Average credit card balance by state


----------



## SHalester (Aug 25, 2019)

850, for the moment. Once you have 'perfect' credit any action will knock it down. An example I pay off credit cards each month to avoid interest. The stmt ending balance is reported to the credit co's. They see a balance go up, splat number goes down, even tho balance is paid off monthly. 
AND btw the credit scores for an auto loan are not the same as say a mortgage. Much much easier to score great interest rate with an auto loan.


----------



## Gilby (Nov 7, 2017)

Las Vegas Dude said:


> ok Dave Ramsey


 Beans and rice!


----------



## Johnny Mnemonic (Sep 24, 2019)

Gilby said:


> Beans and rice!


And don't forget rice and beans.


----------



## June132017 (Jun 13, 2017)

I have a credit score? Wahoo!


----------



## Gilby (Nov 7, 2017)

Johnny Mnemonic said:


> And don't forget rice and beans.


Better than I deserve.


----------



## Johnny Mnemonic (Sep 24, 2019)

KingMoMo917 said:


> I dont have a credit score. If i cant buy it cash i cant afford it


I've thought about doing the same. Have you never had a score, or did you close your accounts and let it age out? The only thing I wasn't able to do with a debit card was rent a car, and that was ten years ago.


----------



## Coastal_Cruiser (Oct 1, 2018)

bobby747 said:


> years ago we had 1's. 2's. 3's
> and what we call high credits saying home 300k.
> it was better than a score. has anyone can get a 700 and have a shit job.
> a guy on the job 25 years making great money at say a 690. is better than a young guy at 720. as he has stable income and job


You may have a point there. Consumer debt is at/near all time high of 13+ trillion...
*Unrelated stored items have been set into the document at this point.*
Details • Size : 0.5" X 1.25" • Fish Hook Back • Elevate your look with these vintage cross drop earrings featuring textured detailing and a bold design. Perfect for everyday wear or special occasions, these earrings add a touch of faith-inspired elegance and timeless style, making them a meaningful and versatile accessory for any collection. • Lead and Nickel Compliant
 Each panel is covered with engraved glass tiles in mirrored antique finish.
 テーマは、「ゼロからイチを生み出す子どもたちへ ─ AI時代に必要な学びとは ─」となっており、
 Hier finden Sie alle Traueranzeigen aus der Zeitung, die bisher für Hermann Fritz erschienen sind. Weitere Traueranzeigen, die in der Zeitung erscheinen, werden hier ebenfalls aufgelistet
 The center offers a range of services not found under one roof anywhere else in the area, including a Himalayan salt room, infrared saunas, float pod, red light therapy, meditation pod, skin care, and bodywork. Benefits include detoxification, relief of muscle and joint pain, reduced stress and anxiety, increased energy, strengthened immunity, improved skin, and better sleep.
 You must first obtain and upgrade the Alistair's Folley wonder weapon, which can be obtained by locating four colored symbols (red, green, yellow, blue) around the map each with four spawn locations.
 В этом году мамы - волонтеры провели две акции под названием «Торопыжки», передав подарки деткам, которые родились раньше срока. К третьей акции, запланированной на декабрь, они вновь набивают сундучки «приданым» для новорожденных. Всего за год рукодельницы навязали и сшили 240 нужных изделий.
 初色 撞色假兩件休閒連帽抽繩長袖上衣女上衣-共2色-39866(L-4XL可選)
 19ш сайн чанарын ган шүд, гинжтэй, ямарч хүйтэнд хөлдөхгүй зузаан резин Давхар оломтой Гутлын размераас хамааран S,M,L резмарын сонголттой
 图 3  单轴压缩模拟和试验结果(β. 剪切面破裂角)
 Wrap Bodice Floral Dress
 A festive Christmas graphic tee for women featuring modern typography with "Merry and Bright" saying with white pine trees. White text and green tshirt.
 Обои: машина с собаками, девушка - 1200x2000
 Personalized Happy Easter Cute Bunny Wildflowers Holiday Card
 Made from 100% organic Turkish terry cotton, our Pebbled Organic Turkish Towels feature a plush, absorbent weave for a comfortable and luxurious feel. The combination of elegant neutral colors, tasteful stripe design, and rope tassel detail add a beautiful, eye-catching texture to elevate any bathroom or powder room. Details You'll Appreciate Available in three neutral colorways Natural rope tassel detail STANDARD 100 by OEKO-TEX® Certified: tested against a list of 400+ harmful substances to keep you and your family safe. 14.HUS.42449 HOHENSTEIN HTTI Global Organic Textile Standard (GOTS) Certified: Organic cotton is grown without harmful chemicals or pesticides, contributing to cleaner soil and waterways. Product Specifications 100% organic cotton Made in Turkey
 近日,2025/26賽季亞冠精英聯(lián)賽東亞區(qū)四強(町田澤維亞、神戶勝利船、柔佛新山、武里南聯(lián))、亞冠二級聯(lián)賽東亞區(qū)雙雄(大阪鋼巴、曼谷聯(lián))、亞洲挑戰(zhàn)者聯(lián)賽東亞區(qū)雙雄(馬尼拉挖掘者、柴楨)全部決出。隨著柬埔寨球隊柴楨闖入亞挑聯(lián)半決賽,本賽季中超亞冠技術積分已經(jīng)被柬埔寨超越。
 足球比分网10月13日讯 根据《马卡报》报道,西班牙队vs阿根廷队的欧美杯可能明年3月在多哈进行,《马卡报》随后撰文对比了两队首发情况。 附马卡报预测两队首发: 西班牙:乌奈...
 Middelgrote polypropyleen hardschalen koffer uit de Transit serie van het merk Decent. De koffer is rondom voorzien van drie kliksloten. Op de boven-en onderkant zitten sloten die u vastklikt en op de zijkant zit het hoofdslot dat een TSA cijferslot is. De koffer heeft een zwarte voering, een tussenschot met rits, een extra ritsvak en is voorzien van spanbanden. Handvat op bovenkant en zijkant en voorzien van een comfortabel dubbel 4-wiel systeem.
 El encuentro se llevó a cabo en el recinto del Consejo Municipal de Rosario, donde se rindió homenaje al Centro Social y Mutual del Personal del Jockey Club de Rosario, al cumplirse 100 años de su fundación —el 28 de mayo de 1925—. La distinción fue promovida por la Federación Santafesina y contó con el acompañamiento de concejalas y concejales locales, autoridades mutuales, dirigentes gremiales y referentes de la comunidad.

https://www.experian.com/blogs/ask-experian/research/consumer-debt-study/
whilst the average credit score has reached an all time high of 703...

https://www.cnbc.com/select/average-fico-score-hits-record-high-703/


----------



## sellkatsell44 (Oct 25, 2015)

FLKeys said:


> Most dealerships will send your credit application to multiple banks to be able to provide you with multiple offers. Plus they earn commission on selling you the loan so they will also look and see what bank pays them a better commission. Some auto dealers will not always give you the best rate if they don't make comparable commission from other banks. When running financing through a dealership always tell them you want to see all the offers that came back from their check.
> 
> Last time I financed a car they ran 3 checks and provided me with 3 offers. After checking my credit report their were also 3 hard inquiries and 1 soft inquiry from the dealership. This matched the offers they presented me.
> 
> ...


Despite what people think, running your report multiple times within the same span (30 days) will NOT negatively impact your score.

they're suppressed to count as one but show up each and every single one of course, but calculation wise, it counts as one.

biggest factors of your credit score is utilization, on time payment (if you must leave a balance at least pay the minimum due or more on due date), history established (longer is better obv), the revolving credit balance vs the amount available, types of line of credit...

currently I'm using less than 5%, have over 100k of credit available spread between 4 cards and one Amex charge card for a total of 5 but only two are really daily drivers.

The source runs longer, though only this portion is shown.